SUPPLIED MATERIAL:
++++
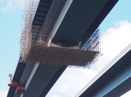 Nach einer Kran-Kollison werden die Holtenauer Hochbrücken in Kiel seit mehreren Monaten repariert. Kollegen der SLV Nord begleiten die Arbeiten als Bauüberwacher.
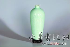 編號(hào):43 作品:《手工刻花影青凈水瓶》(影青瓷)作者:張海文 尺寸:28cm×12cm×7.5cm
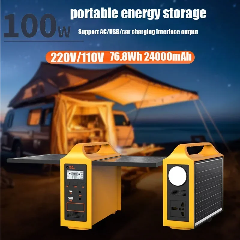 Stazione di Alimentazione Portatile 100W 76.8WH Generatore Solare per Campeggio con Pannello Solare Power Bank 24000mAh LED per Campeggio
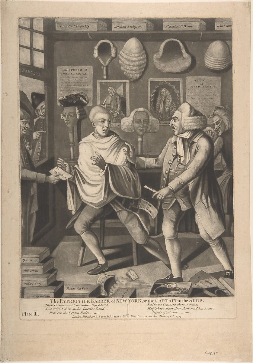 In this satire, issued in London the year before the outbreak of the American Revolution, Captain John Crozer, commander of a British ship, has been recognized in the barbershop of Jacob Vredenburgh, a New York Son of Liberty who refuses to finish shaving him. The subject demonstrates how New Yorkers refused to cooperate with British troops garrisoned in the city from the autumn of 1774. When the story reached England it inspired this print. The following verse is printed below the image: "Then Patriot grand, maintain thy Stand,/ And whilst thou sav'st Americ's Land,/ Preserve the Golden Rule;--/ Forbid the Captains there to roam,/ Half shave them first; then send 'em home,/ Objects of ridicule." Some of the figures are caricatured, others represented more realistically. The names of Sons of Liberty are inscribed on wig boxes throughout the compostion. Famous defenders of civil liberties, William Pitt the Elder, 1st Earl of Chatham, and Charles, 1st Earl Camden are portrayed in prints that hang on the back wall.
++++
EXERCISE AIM: Nothing except the lines from the one containing "編號(hào):43 作品:《手工刻花影青凈水瓶》(影青瓷)作者:張海文 尺寸:28cm×12cm×7.5cm" through the one containing "Stazione di Alimentazione" should appear in the answer, exactly as above and without pictures.

SOLUTION FOR THIS EXERCISE:
 編號(hào):43 作品:《手工刻花影青凈水瓶》(影青瓷)作者:張海文 尺寸:28cm×12cm×7.5cm
 Stazione di Alimentazione Portatile 100W 76.8WH Generatore Solare per Campeggio con Pannello Solare Power Bank 24000mAh LED per Campeggio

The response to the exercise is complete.